→ **Recorded data**
- - - - -

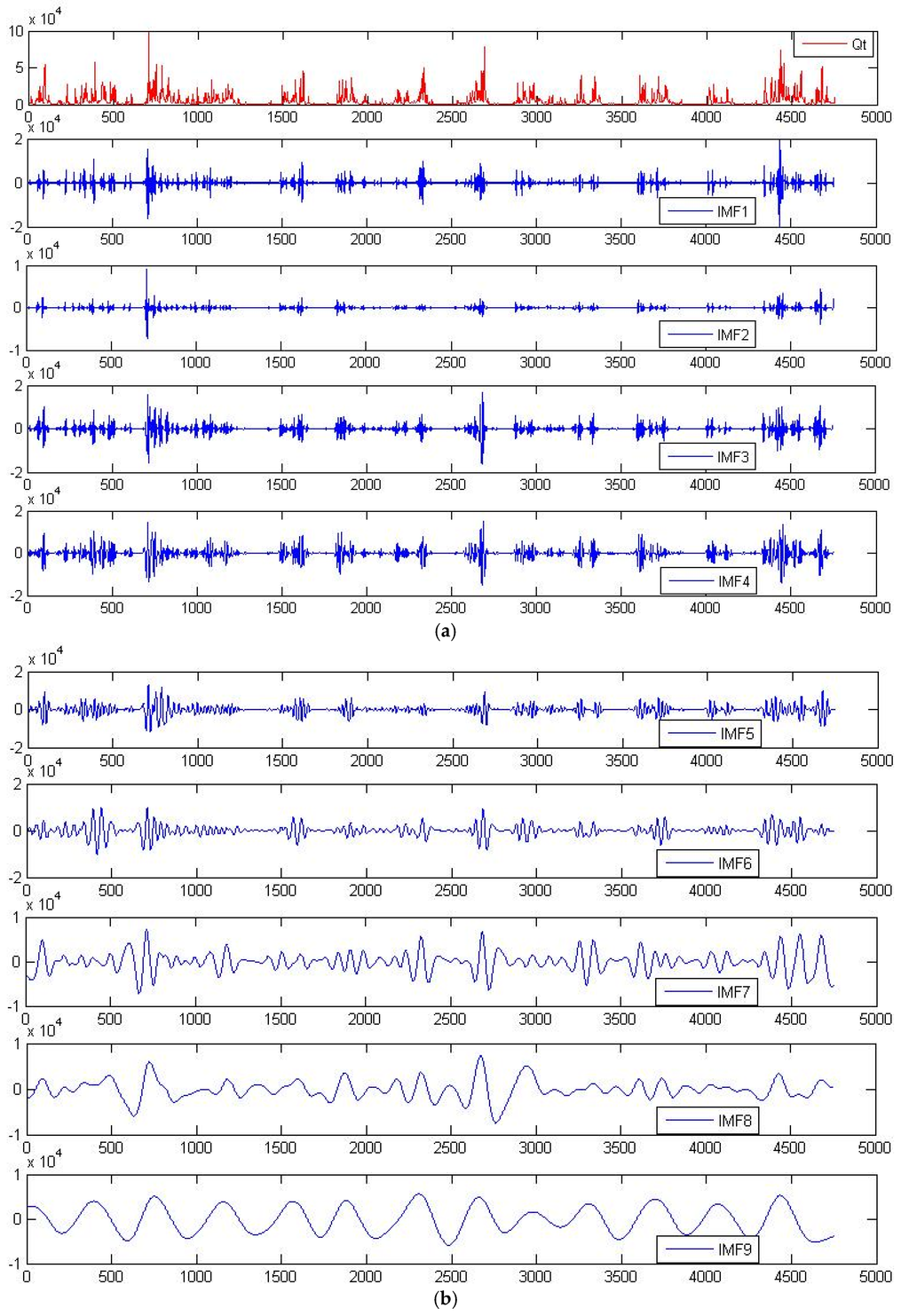 Runoff time-series and IMF (Intrinsic Mode Functions) signal components for validation dataset. (a) Original validation runoff time-series and first 4 IMF components; (b) IMF components 5 through 9; (c) IMF components 10 through 12 and the final residue.
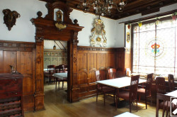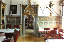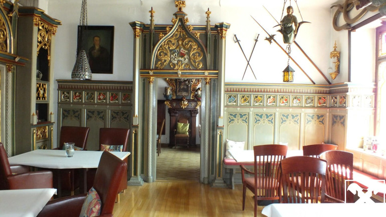 derzeitige Gasträume mit teils historisch wertvoller, extravaganter Innenausstattung: ca. 139 m²
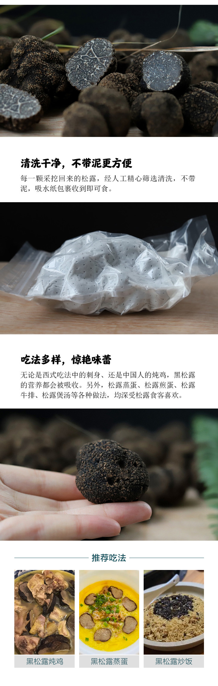 【重量】:1斤 【大小】:3-5cm,5cm以上 【采挖标准】:野生采挖,7分熟以上 【采挖者】:大凉山当地彝民 【采挖地】:四川省凉山彝族自治州 【品控】:廖敏 【保存方法】:用吸水纸包上再用保鲜膜冷藏保鲜,可保存7天左右。清洗干净,用厨房纸把表面水份吸干,密封冷冻,随用随取。 发货时间:川渝陆运,其他地区顺丰空运,下单48小时发出(遇节假日顺延) 【注意事项】: 1、野生松露,可能有虫眼,我们尽量挑出,偶有虫眼,不影响食用不售后,望理解。 2、受天气或库存等原因影响快递可能偶有耽误,急单请发货前咨询客服。本品为生鲜,请勿拒收,拒收则无法进行售后。 3、已发货后不接受退款申请。生鲜产品,快递抵达后请尽快取件。
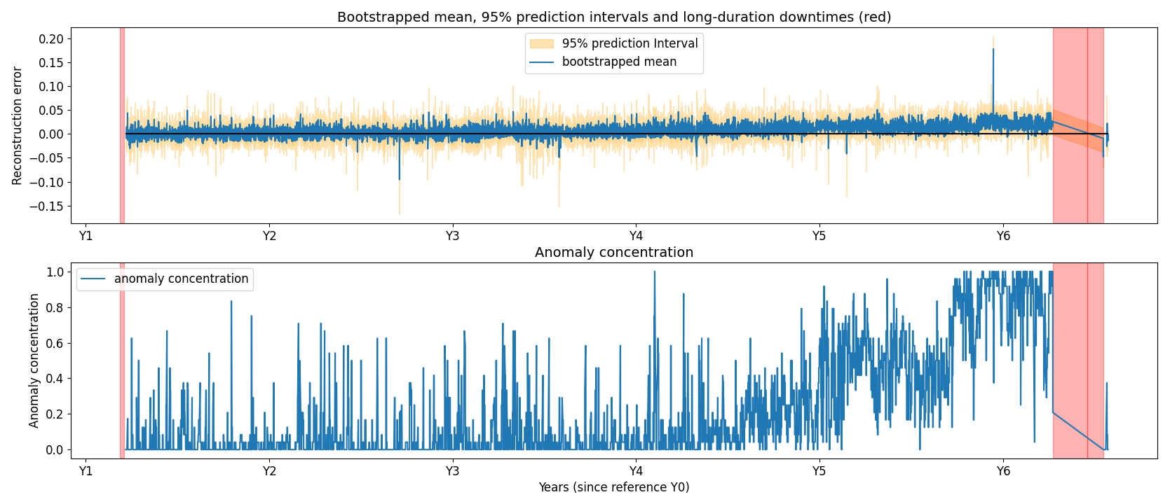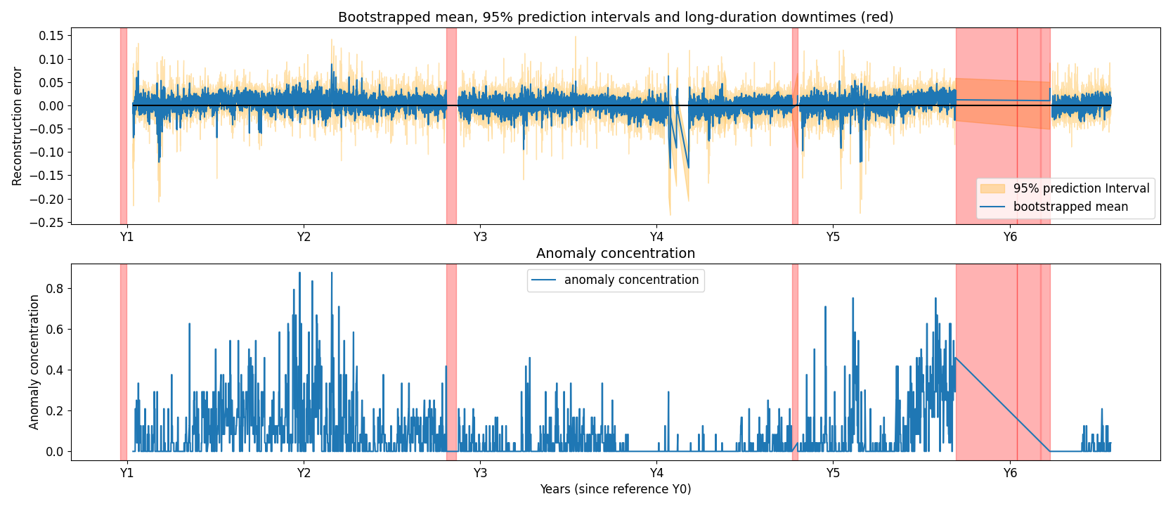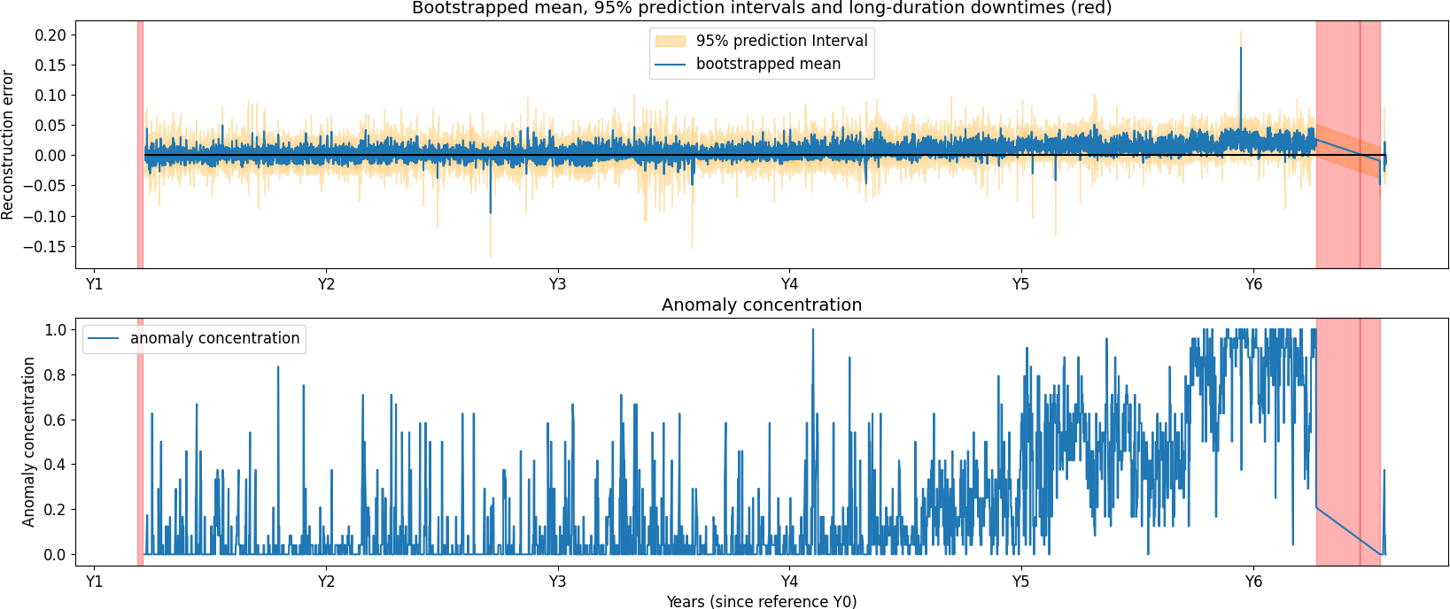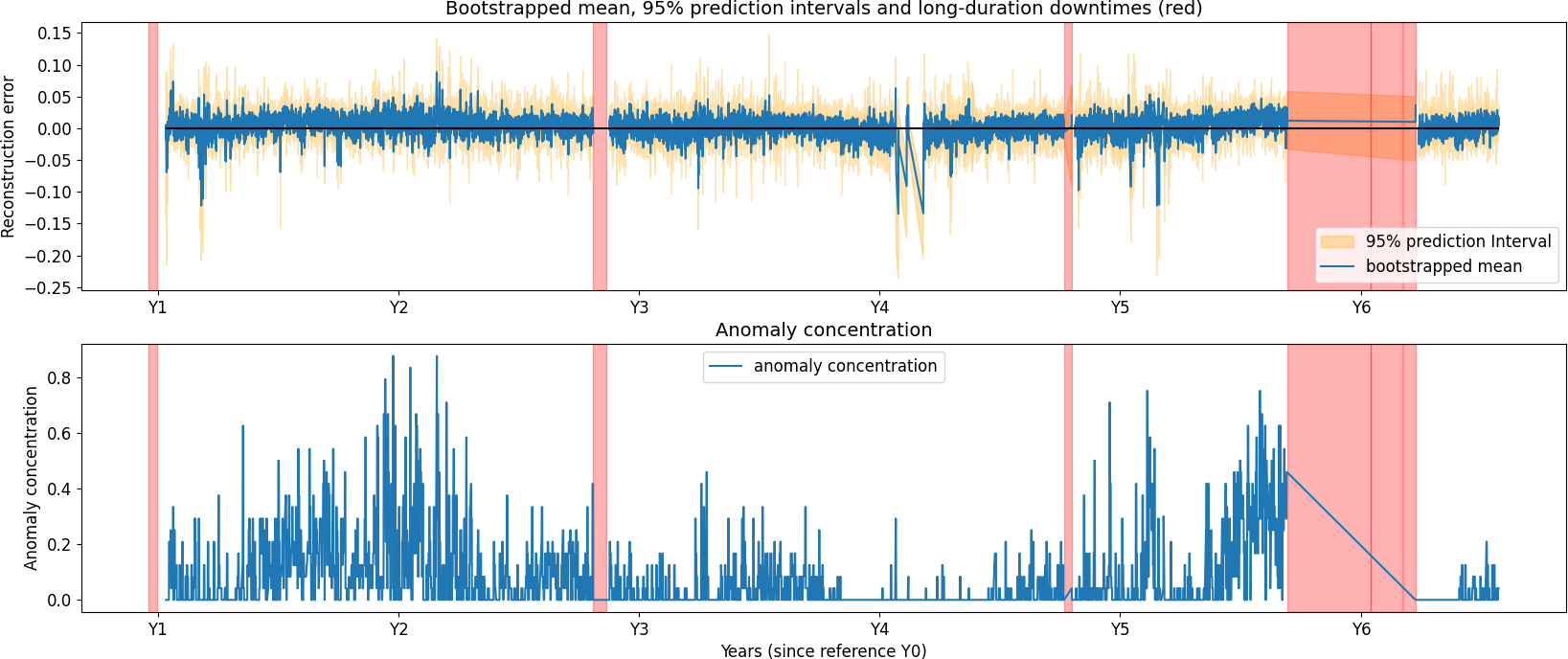 In Fig. 11, a gradual degradation trend is visible in the anomaly concentration for the generator phase 2 temperature. The trend starts approximately 18 months prior to the failure, which occurred at year 6.25. In Fig. 12, temperatures in the gearbox RE main bearing begin to rise around year 5.5, followed by failure at year 5.75. The detection lead time varies substantially across failures, influenced by many factors that are not always observable. In both of these cases, the model identifies the degradation well in advance. The figure also includes several long-duration downtimes unrelated to the gearbox; these are not detected when using gearbox signals, as the associated failure modes are not gearbox related. In Fig. 12 the anomaly concentration metric also rises around Y2. It is unclear what causes this. There is no evidence that it is caused by seasonal fluctuations since this would also be visible in the following years. An analysis of the event is ongoing.

- - - - -

Restate the full listing verbatim and drop every picture.

 Runoff time-series and IMF (Intrinsic Mode Functions) signal components for validation dataset. (a) Original validation runoff time-series and first 4 IMF components; (b) IMF components 5 through 9; (c) IMF components 10 through 12 and the final residue.
 derzeitige Gasträume mit teils historisch wertvoller, extravaganter Innenausstattung: ca. 139 m²
 【重量】:1斤 【大小】:3-5cm,5cm以上 【采挖标准】:野生采挖,7分熟以上 【采挖者】:大凉山当地彝民 【采挖地】:四川省凉山彝族自治州 【品控】:廖敏 【保存方法】:用吸水纸包上再用保鲜膜冷藏保鲜,可保存7天左右。清洗干净,用厨房纸把表面水份吸干,密封冷冻,随用随取。 发货时间:川渝陆运,其他地区顺丰空运,下单48小时发出(遇节假日顺延) 【注意事项】: 1、野生松露,可能有虫眼,我们尽量挑出,偶有虫眼,不影响食用不售后,望理解。 2、受天气或库存等原因影响快递可能偶有耽误,急单请发货前咨询客服。本品为生鲜,请勿拒收,拒收则无法进行售后。 3、已发货后不接受退款申请。生鲜产品,快递抵达后请尽快取件。
 In Fig. 11, a gradual degradation trend is visible in the anomaly concentration for the generator phase 2 temperature. The trend starts approximately 18 months prior to the failure, which occurred at year 6.25. In Fig. 12, temperatures in the gearbox RE main bearing begin to rise around year 5.5, followed by failure at year 5.75. The detection lead time varies substantially across failures, influenced by many factors that are not always observable. In both of these cases, the model identifies the degradation well in advance. The figure also includes several long-duration downtimes unrelated to the gearbox; these are not detected when using gearbox signals, as the associated failure modes are not gearbox related. In Fig. 12 the anomaly concentration metric also rises around Y2. It is unclear what causes this. There is no evidence that it is caused by seasonal fluctuations since this would also be visible in the following years. An analysis of the event is ongoing.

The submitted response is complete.